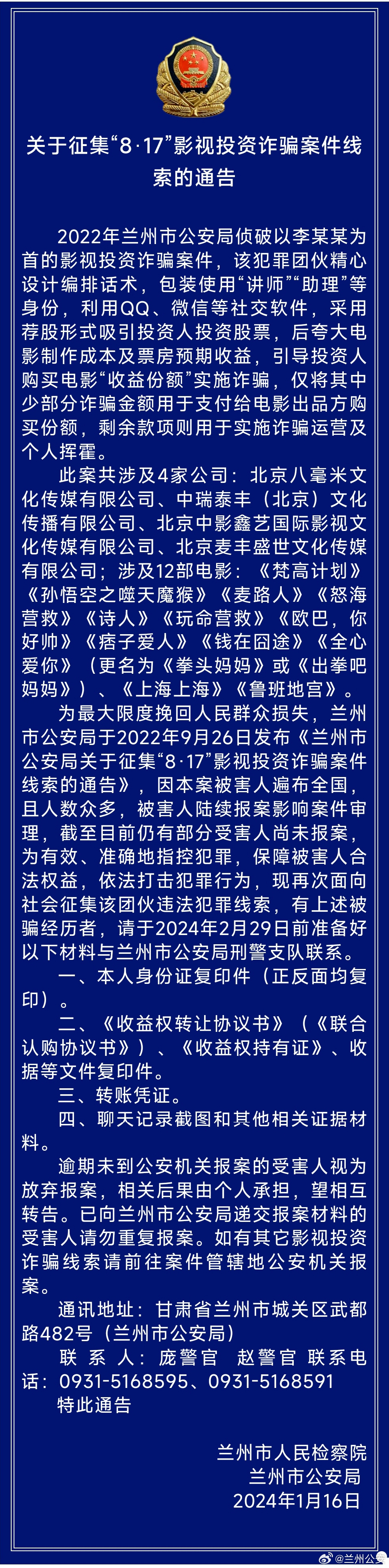 為最大限度挽回人民群眾損失,蘭州市公安局早在2022年9月26日發布《蘭州市公安局關于征集“8·17”影視投資詐騙案件線索的通告》,但因本案被害人遍布全國,且人數眾多,受害人陸續報案影響案件審理,截至目前仍有部分受害人尚未報案。
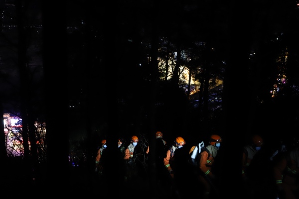 除夕夜,三路“橙紅”背負重達20公斤的滅火機具在海拔2850米,溝谷縱橫、雜灌叢生的四川甘孜康定市跑馬山上艱難穿行……
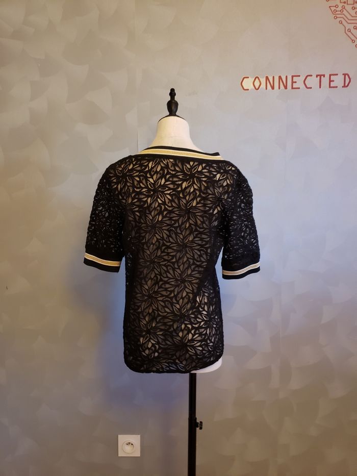 Teeshirt 🎀 en parfait état Couleur : noir, or et blanc Dentelle, détails aux manches et col (voir photos 1 et 4) Taille du mannequin : poitrine = 88cm, taille = 64cm, hanches = 83cm ⛔ Pas de photo porté ⛔ D'autres vêtements femme taille S : #clemencecavalierifemmeS
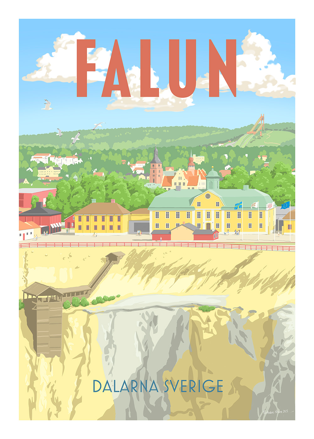 Grafisk, handritad poster över Falun, Dalarna, Sverige.
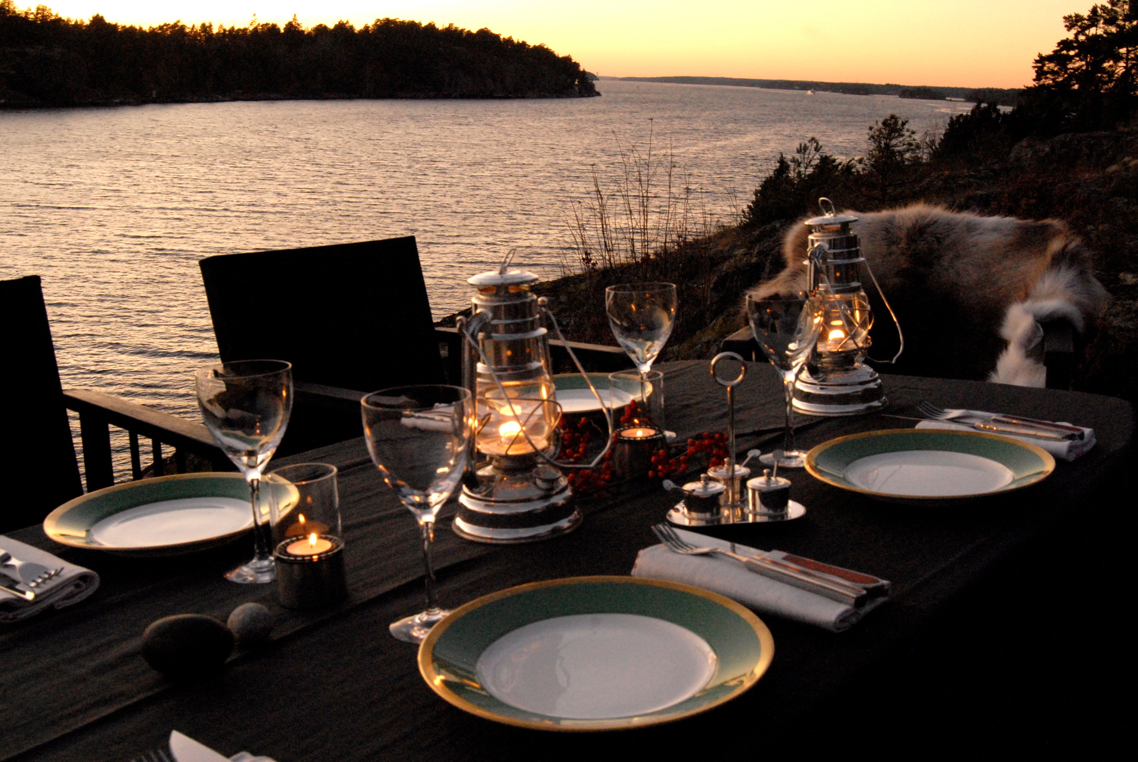 På kvällen bjuder vi in till en gourmetmiddag med egen kock och magisk utsikt och solnedgång över fjärden. Önskar ni kan vi även se till att den vedeldade bastun och badtunnan är uppvärmd för den som vill ta sig ett dopp, antingen innan middagen eller varför inte ett kvällsdopp?
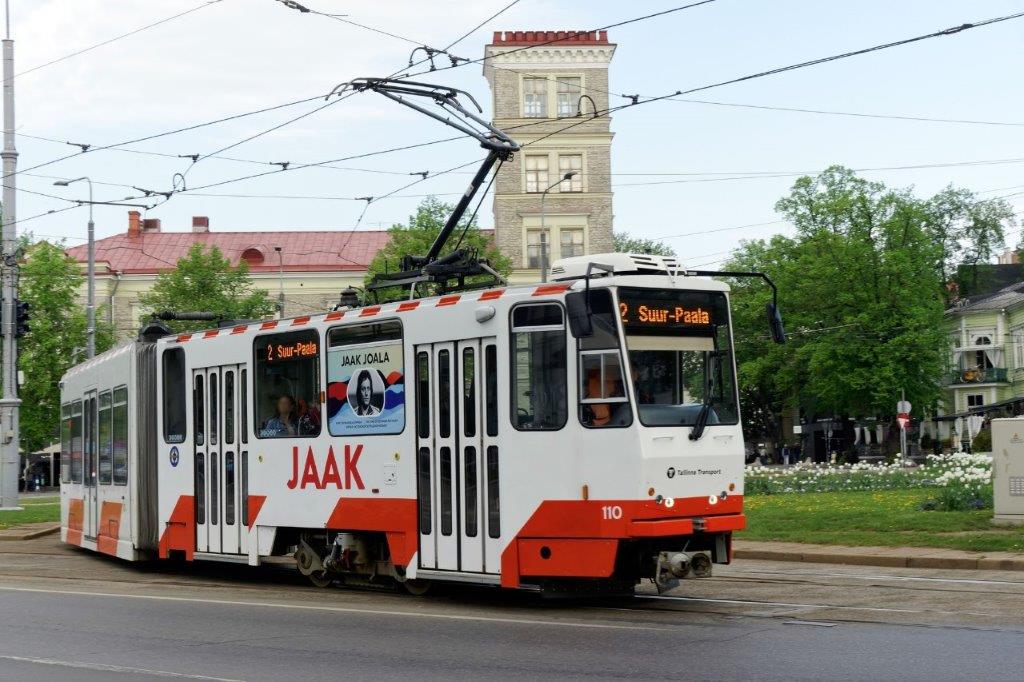 A Tallinn, la motrice triple caisse 110 KT6TM (année 1987), opérant sur la ligne 2 et arborant le prénom de Jaak, est photographiée place Viru, carrefour stratégique des quatre lignes du réseau de tramways de Tallinn, le mardi 21 mai 2019. Copyright : Yvon Brument

┄┄┄┄┄┄┄┄┄┄

» **PROBLEM TO SOLVE**
Your task is to repeat the entries above exactly, omitting the pictures.

» **WRITTEN SOLUTION**
 為最大限度挽回人民群眾損失,蘭州市公安局早在2022年9月26日發布《蘭州市公安局關于征集“8·17”影視投資詐騙案件線索的通告》,但因本案被害人遍布全國,且人數眾多,受害人陸續報案影響案件審理,截至目前仍有部分受害人尚未報案。
 除夕夜,三路“橙紅”背負重達20公斤的滅火機具在海拔2850米,溝谷縱橫、雜灌叢生的四川甘孜康定市跑馬山上艱難穿行……
 Teeshirt 🎀 en parfait état Couleur : noir, or et blanc Dentelle, détails aux manches et col (voir photos 1 et 4) Taille du mannequin : poitrine = 88cm, taille = 64cm, hanches = 83cm ⛔ Pas de photo porté ⛔ D'autres vêtements femme taille S : #clemencecavalierifemmeS
 Grafisk, handritad poster över Falun, Dalarna, Sverige.
 På kvällen bjuder vi in till en gourmetmiddag med egen kock och magisk utsikt och solnedgång över fjärden. Önskar ni kan vi även se till att den vedeldade bastun och badtunnan är uppvärmd för den som vill ta sig ett dopp, antingen innan middagen eller varför inte ett kvällsdopp?
 A Tallinn, la motrice triple caisse 110 KT6TM (année 1987), opérant sur la ligne 2 et arborant le prénom de Jaak, est photographiée place Viru, carrefour stratégique des quatre lignes du réseau de tramways de Tallinn, le mardi 21 mai 2019. Copyright : Yvon Brument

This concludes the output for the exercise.